Test for Phenols: 1 ml of the extract was mixed with 5 ml of distilled water. To this, a few drops of neutral 5% ferric chloride solution was added. The development of a dark green color indicated the presence of phenolic compounds.

Test for Carbohydrates:

Fehling’s Test: 2 ml of the extract was treated with1 mL of fehling’s solution a (aqueous solution of CuSO₄) and 1 ml of Fehling’s solution B (solution of potassium tartrate) and boiled. Appearance of red brick precipitate indicates the presence of carbohydrates.

Test for Protein: 2 ml of the extract was mixed with 2 ml of Biuret reagent. The formation of a violet colour ring indicates the presence of peptide linkages of the molecule.

Test for Phlobatanins: Formation of red pre-cipitate was observed when aqueous extract was boiled with 1% HCl, indicates the positive result.

Test for Coumarin: About 2 ml of aqueous plant extract was dissolved in 3 ml of 10% NaOH. A yellow coloration indicates the presence of coumarins.

Quantitative Analysis:

Total Flavonoid Content: To 0.5 ml of sample 1.5 ml of methanol 0.1 ml of 10% AlCl₃, 0.1 ml of 1M potassium acetate, and 2.8 ml of distilled water was added and incubated for 30 min, at room temperature.
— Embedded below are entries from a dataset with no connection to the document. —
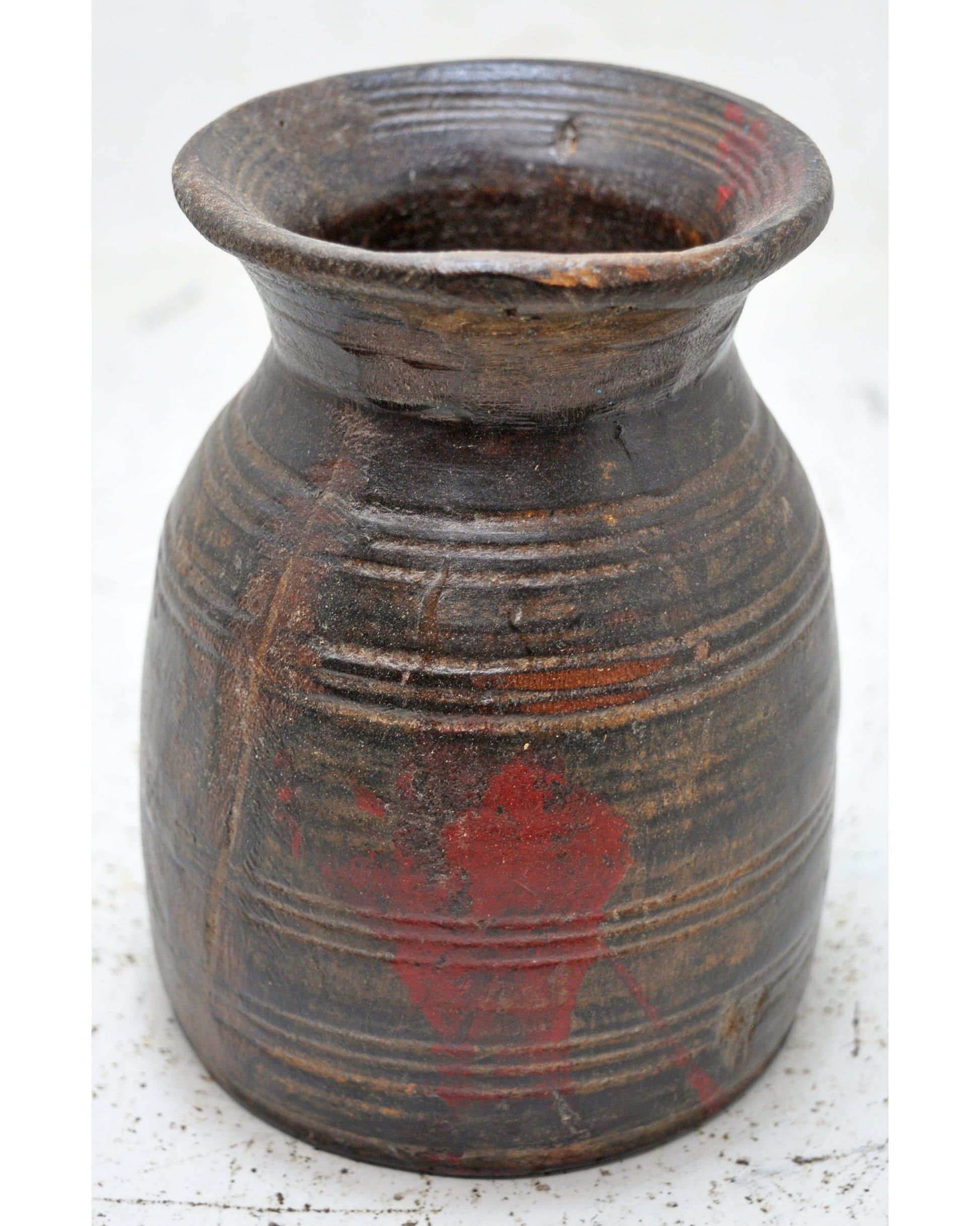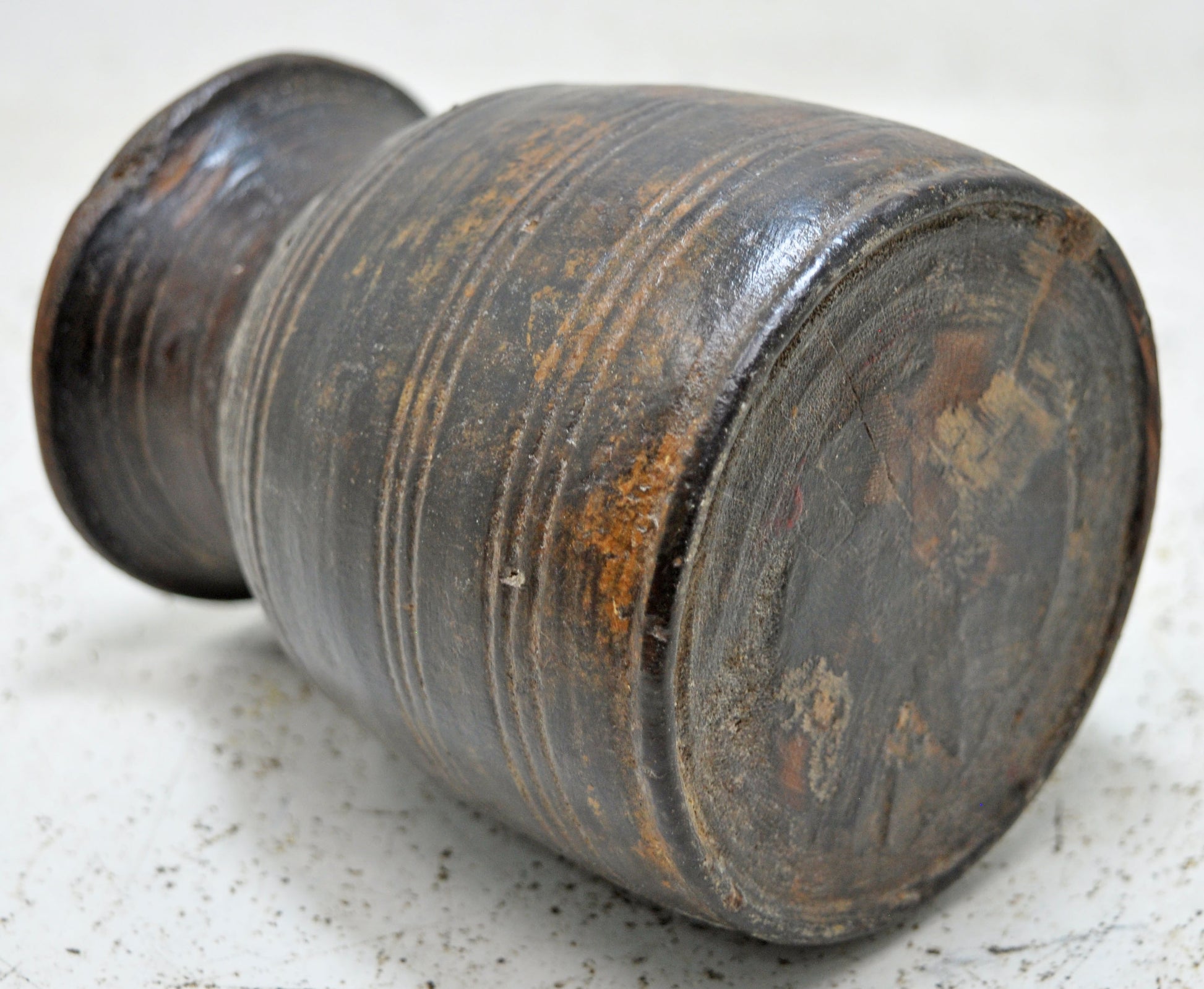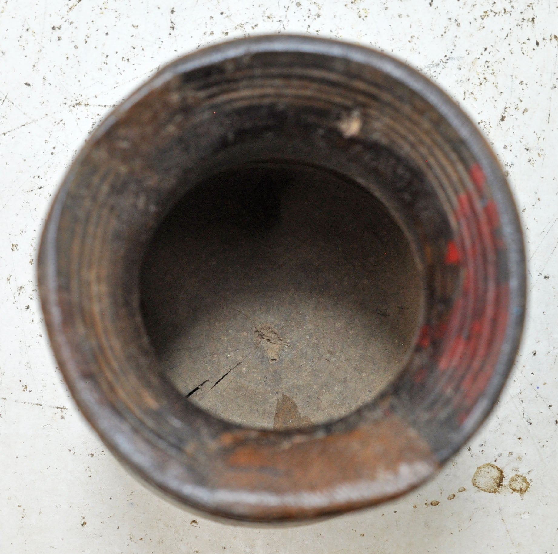 A nice looking old wooden small round pot originally used for storing water. Hand crafted in a nice shape. Good condition and a rich patina. Origin India.
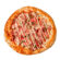 Пінса з сиром “Чеддер”, копченою куркою, мисливськими ковбасками та в’яленими томатами.
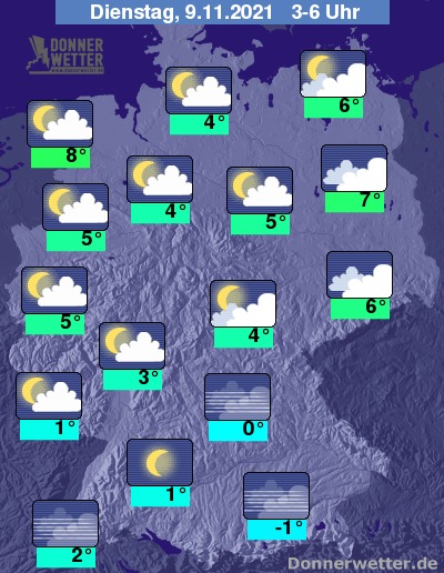 In der kommenden Nacht ist der Himmel über Süddeutschland meist sternenklar, weiter nach Norden hin ist es größtenteils locker bis aufgelockert bewölkt. Besonders vom Osten bis in den Nordosten des Landes halten sich meist dichte Wolken. Es bleibt überall trocken bei Tiefstwerten von 8 Grad in Wilhelmshaven und bis -1 Grad im Raum München.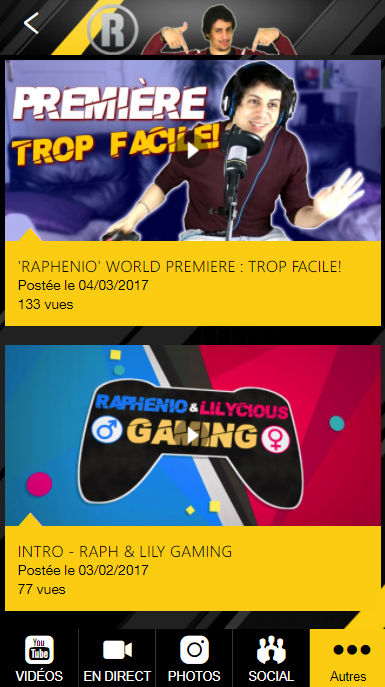 Sur l’application Raphenio, retrouvez toute mon activité gaming ainsi que mon actualité globale!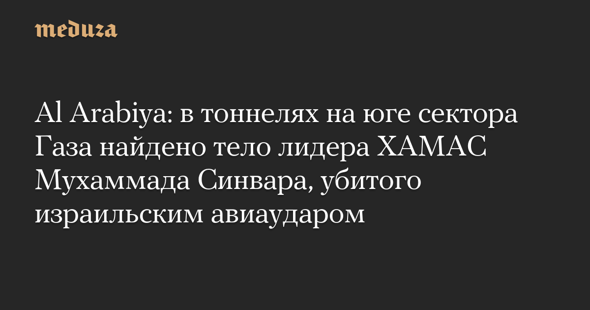 Al Arabiya: в тоннелях на юге сектора Газа найдено тело лидера ХАМАС Мухаммада Синвара, убитого израильским авиаударом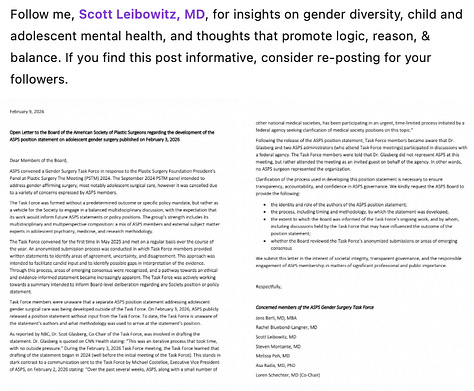 As Dr. Leibowitz emphasized on LinkedIn, the letter did not, however, contain complaints or comments about the actual contents of the ASPS position statement on youth gender surgeries. When I spoke with Dr. Leibowitz, he was keen to emphasize that the letter “addresses process-related issues,” with respect to how the position statement was developed and released. “The members of this task force had no knowledge of some long-standing process” on the part of the board to develop the position statement, said Dr. Leibowitz. He emphasized that he was speaking as an individual task force member and not in his capacity as a leader at WPATH.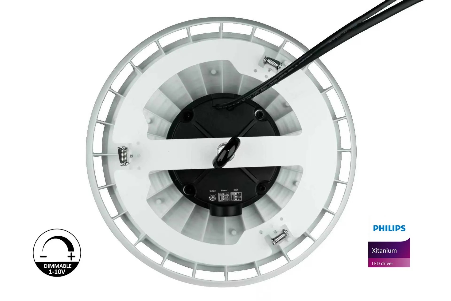 Le driver garantit une régulation précise de la lumière via protocole 1-10V, s’intègre aux systèmes d’éclairage standards et prolonge la durée de vie du produit.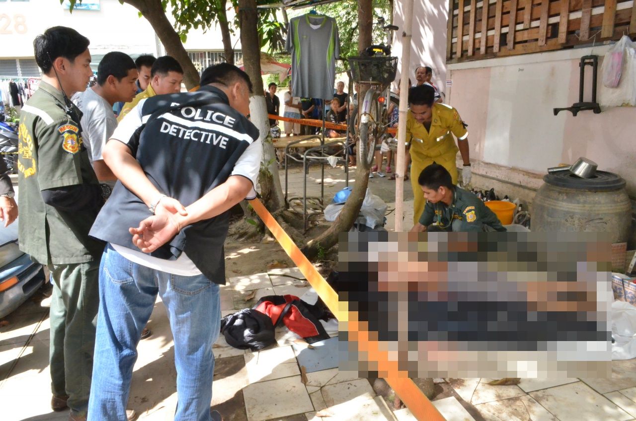 ที่เกิดเหตุอยู่บนบาทวิถีข้างอาคารดังกล่าวพบศพนายวันนะ ภูติวัฒนชัย อายุ 57 ปี ชาวบ้านย่านคู้บอน แขวงท่าแร้ง เขตบางเขน กทม. สภาพศพนอนหงาย ไม่สวมเสื้อ ส่วมกางเกงขาสั้นสีเทา ใกล้กันพบหมอนรองกระสุนปืนลูกซองเบอร์ 12 กระจายตามพื้นจำนวน 5 แห่ง บริเวณกำแพงอาคารพบรูกระสุนปืน 1 แห่ง ตรวจสอบตามร่างกายพบบาดแผลถูกยิงด้วยอาวุธปืนลูกซองเบอร์ 12 ยิงเข้าที่บริเวณหลังจำนวน 12 แห่ง นอนเสียชีวิตจมกองเลือด เจ้าหน้าที่ต้องใช้เส้นโปลิศลายกั้นที่เกิดเหตุเพื่อกั้นผู้ที่ไม่เกี่ยวข้อง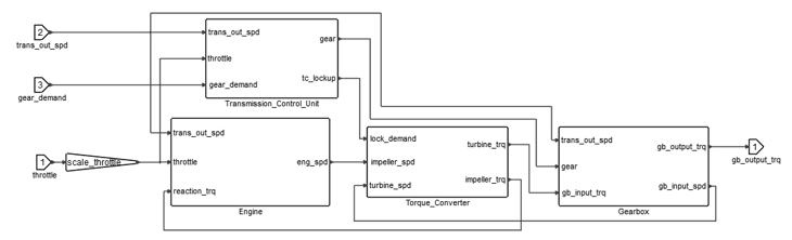 Throttle demand, impeller (reaction) torque and the rotational speed of the gearbox’s output shaft are the inputs to the engine, which is coupled to the transmission through the impeller of a torque converter. The output of the engine block is the rotational speed of the engine’s crankshaft.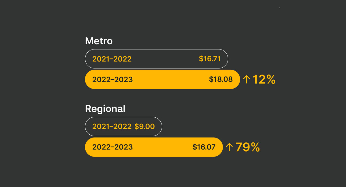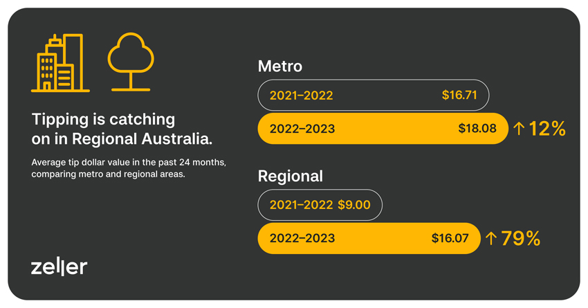 Unsurprisingly, gratuities are more pronounced in metro areas, by around 12 per cent, but the trend is also taking hold in regional Australia, recording an average increase of 79 per cent YoY, from $9 to $16.07, against $18.08 in cities.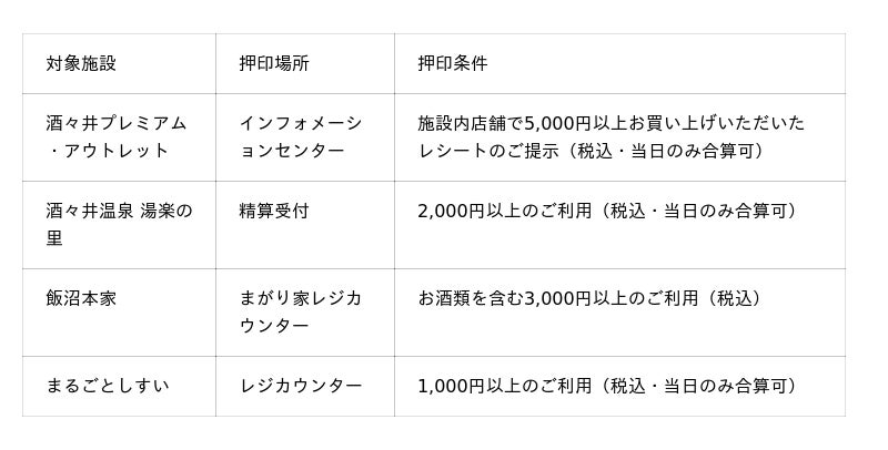■参加施設:酒々井プレミアム・アウトレット、酒々井温泉 湯楽の里、飯沼本家、まるごとしすい

The absorbance was measured at 415 nm. The amount of flavonoid content was expressed as (μg) equivalents of quercetin/mg of sample ¹³.

Total Tannin Content: 20 μl of the sample was mixed with 980 μl of distilled water, 500 μl of 1% K₃Fe (CN)₆ and 100 μl of 1% ferric chloride (FeCl₃) and made up to 3 ml with distilled water.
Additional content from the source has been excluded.